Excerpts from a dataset
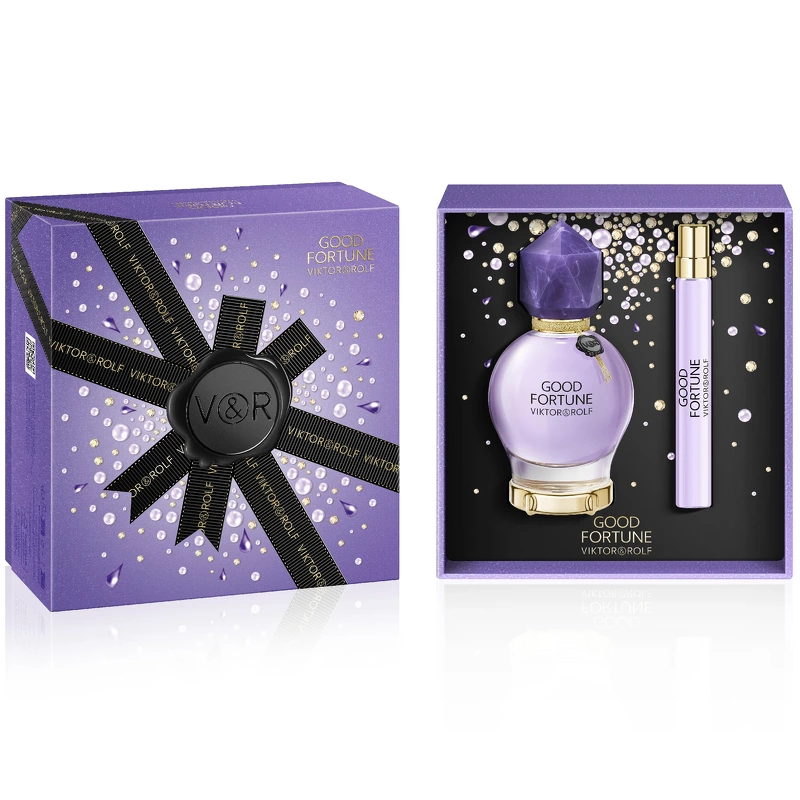 Viktor & Rolf Good Fortune EDP Gift Set (Limited Edition) inviterer dig til at opleve en festlig haute couture-fantasi fuld af glitter, glans og overflod. Dette sæt indeholder Good Fortune Eau de Parfum 50 ml og Good Fortune Eau de Parfum 10 ml.
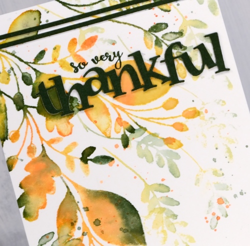 I did a little splatter in both spruce and bellini then moved on to the sentiment. To make sure my die cut sentiment and accent strips matched exactly I swiped the spruce inkpad onto some watercolour paper then let it dry. The CP inks are very juicy and gave great coverage. I added double sided adhesive to the back of the spruce coloured watercolour paper then die cut the word ‘thankful’ twice. The die is ‘thankful heart’ combined but I did a little surgery and removed the heart. I layered the two die cuts then worked out where I would put them on my leaf panel. There was an area where the ink and water had splodged so that was the perfect area to cover up with a sentiment. As I was using some stamped words right up next to the die-cut words I did the stamping first in my positioner so I wouldn’t have to try stamping around die-cuts already stuck down! I wonder how I knew to do that?! The stamped words are half a phrase from the very useful ‘happy snippets’ set.
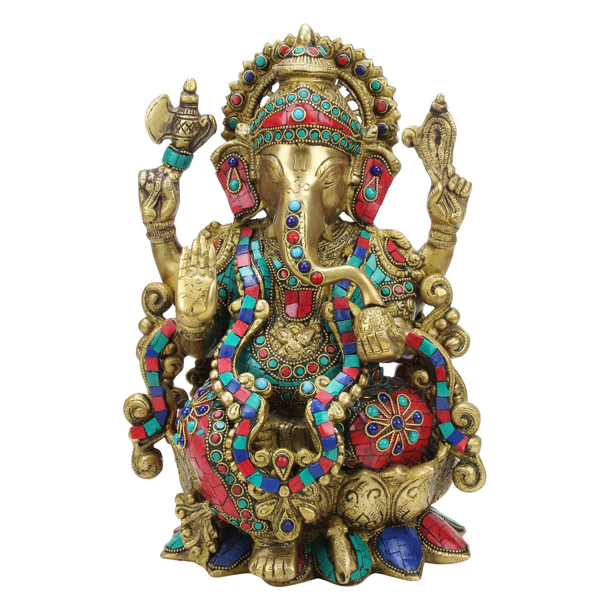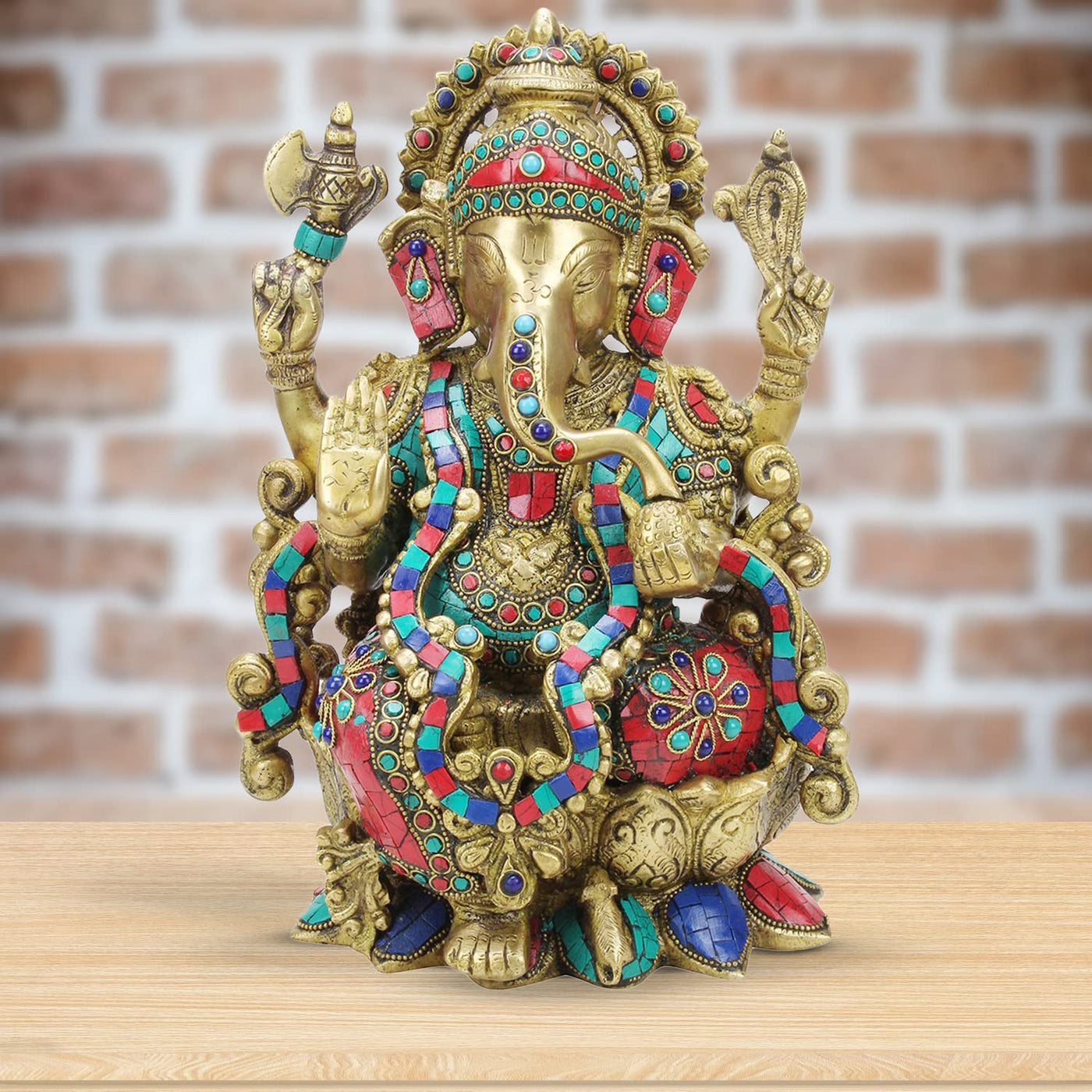 Artvarko Large Brass Ganesha Sitting On Lotus Flower Base Statue Ganesh Murti For Home Dcor Office Ganpati Idol 12 Inches
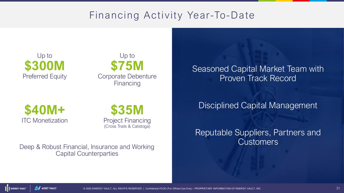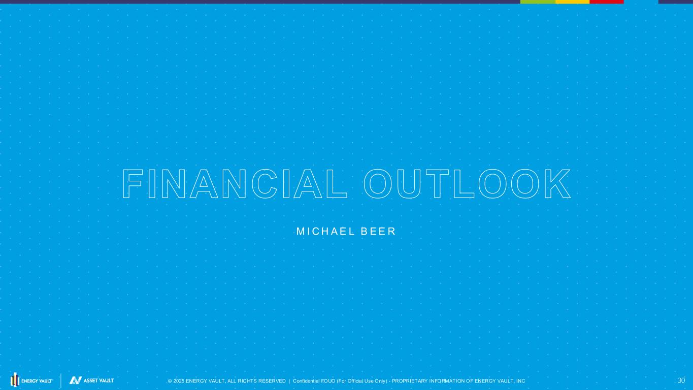© 2025 ENERGY VAULT, ALL RIGHTS RESERVED | Confidential FOUO (For Officia l Use Only) - PROPRIETARY INFORMATION OF ENERGY VAULT, INC 30 FINANCIAL OUTLOOK M I C H A E L B E E R
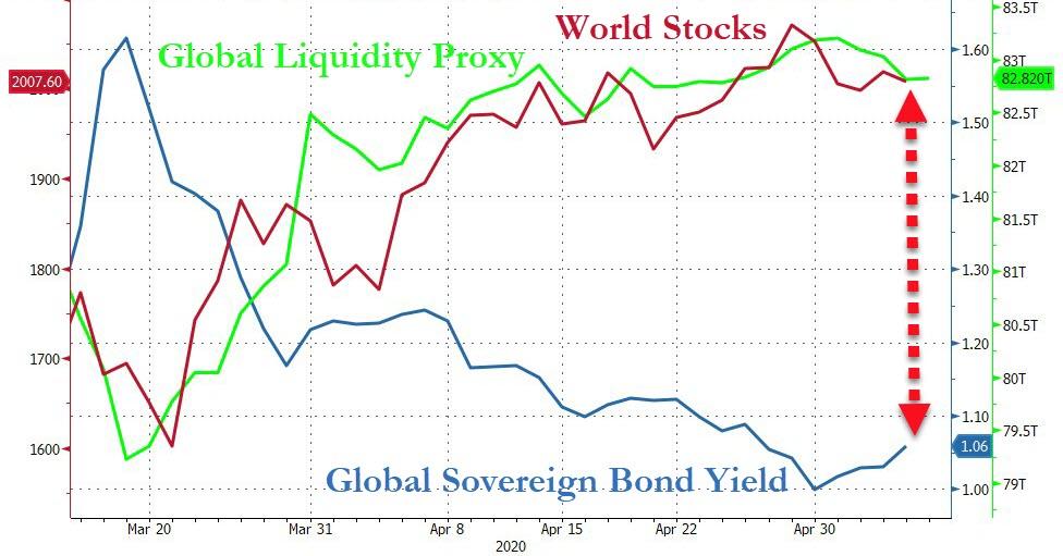 ZeroHedge - May 8th 2020 6:00am EDT Investors “Need To Be Mindful” As Bonds & Stocks Suffer “Biggest Disconnect” Since the early March lows, Global stock markets are up over 25%, global central bank sponsored liquidity is up over $3 trillion, and global sovereign bond prices are also up around 3%. As the chart below shows, bonds and stocks are sending drastically […]
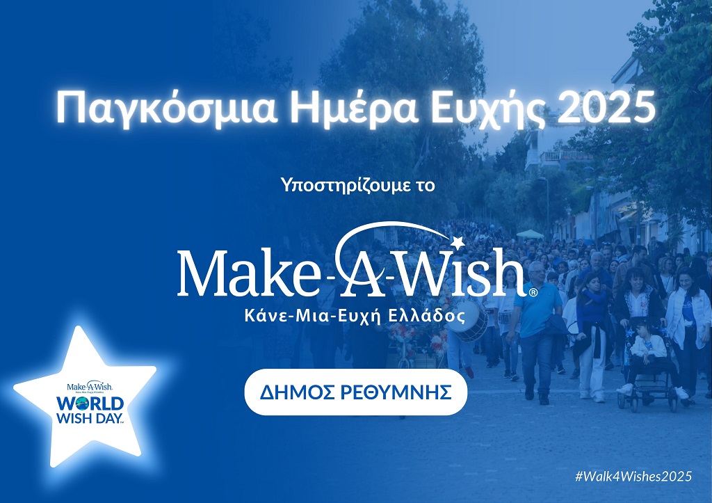 Με απόφαση του Δημοτικού Συμβουλίου Δήμου Ρεθύμνης, το βράδυ της 29ης Απριλίου 2025, το Δημαρχείο της πόλης «φωτίστηκε» στις μπλε αποχρώσεις του Make-A-Wish, συμβάλλοντας στη διάδοση του οράματος του οργανισμού, δηλαδή, να μπορέσει να φτάσει σε ΟΛΑ τα παιδιά που νοσούν από μία σοβαρή ασθένεια και έχουν ανάγκη από την εκπλήρωση της ευχής τους.
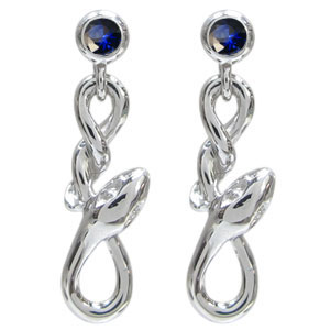 9月誕生石サファイアを一粒使用した、蛇(スネーク)モチーフのプラチナ製ピアスです。 「金運をアップさせる縁起の良い蛇をモチーフにしたスネークピアス。 記念日や誕生日プレゼント、クリスマスなどの贈り物にもお勧めです。

_Your instructions_: Restate word for word the lines running from the one with "E L B E E R" to the end of the entries; pictures are to be left out.

_Task output_:
© 2025 ENERGY VAULT, ALL RIGHTS RESERVED | Confidential FOUO (For Officia l Use Only) - PROPRIETARY INFORMATION OF ENERGY VAULT, INC 30 FINANCIAL OUTLOOK M I C H A E L B E E R
 ZeroHedge - May 8th 2020 6:00am EDT Investors “Need To Be Mindful” As Bonds & Stocks Suffer “Biggest Disconnect” Since the early March lows, Global stock markets are up over 25%, global central bank sponsored liquidity is up over $3 trillion, and global sovereign bond prices are also up around 3%. As the chart below shows, bonds and stocks are sending drastically […]
 Με απόφαση του Δημοτικού Συμβουλίου Δήμου Ρεθύμνης, το βράδυ της 29ης Απριλίου 2025, το Δημαρχείο της πόλης «φωτίστηκε» στις μπλε αποχρώσεις του Make-A-Wish, συμβάλλοντας στη διάδοση του οράματος του οργανισμού, δηλαδή, να μπορέσει να φτάσει σε ΟΛΑ τα παιδιά που νοσούν από μία σοβαρή ασθένεια και έχουν ανάγκη από την εκπλήρωση της ευχής τους.
 9月誕生石サファイアを一粒使用した、蛇(スネーク)モチーフのプラチナ製ピアスです。 「金運をアップさせる縁起の良い蛇をモチーフにしたスネークピアス。 記念日や誕生日プレゼント、クリスマスなどの贈り物にもお勧めです。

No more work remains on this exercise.